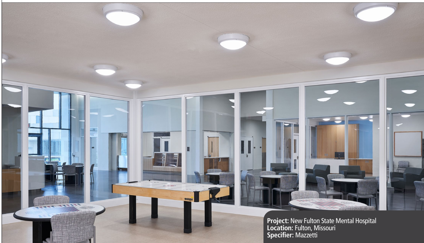
Project: New Fulton State Mental Hospital Location: Fulton, Missouri Specifier: Mazzetti

“Kenall is one of the few manufacturers that offers architecturally sensitive products that are also physically robust enough to be considered for these environments.”
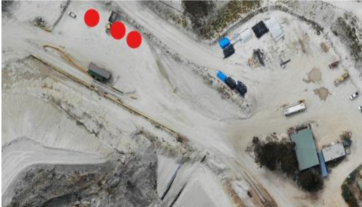
Windellama's Truck Waiting Areas

Waiting points for breaks and Bus Curfews for each site will be outside the weighbridge marked with RED dots at all HiQ site locations.
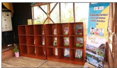
Figure 10. Literacy Room Facilities

The series of service activities were continued by strengthening literacy for children. This is important considering that nowadays children's motivation to read is very low. The literacy room is also equipped with educational books that suit the learning needs of students.
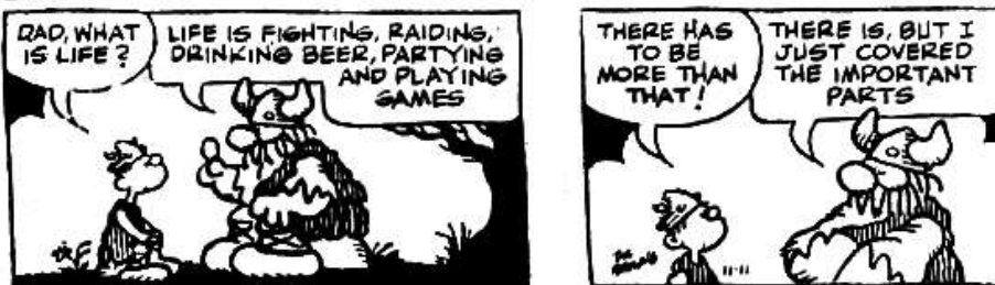
What feeling 'out there' (and what inner hunches!).

════════════════════

Required work: The records are to be duplicated in full and exactly, with images left out.

Answer box:
Project: New Fulton State Mental Hospital Location: Fulton, Missouri Specifier: Mazzetti

“Kenall is one of the few manufacturers that offers architecturally sensitive products that are also physically robust enough to be considered for these environments.”
Windellama's Truck Waiting Areas

Waiting points for breaks and Bus Curfews for each site will be outside the weighbridge marked with RED dots at all HiQ site locations.
Figure 10. Literacy Room Facilities

The series of service activities were continued by strengthening literacy for children. This is important considering that nowadays children's motivation to read is very low. The literacy room is also equipped with educational books that suit the learning needs of students.
What feeling 'out there' (and what inner hunches!).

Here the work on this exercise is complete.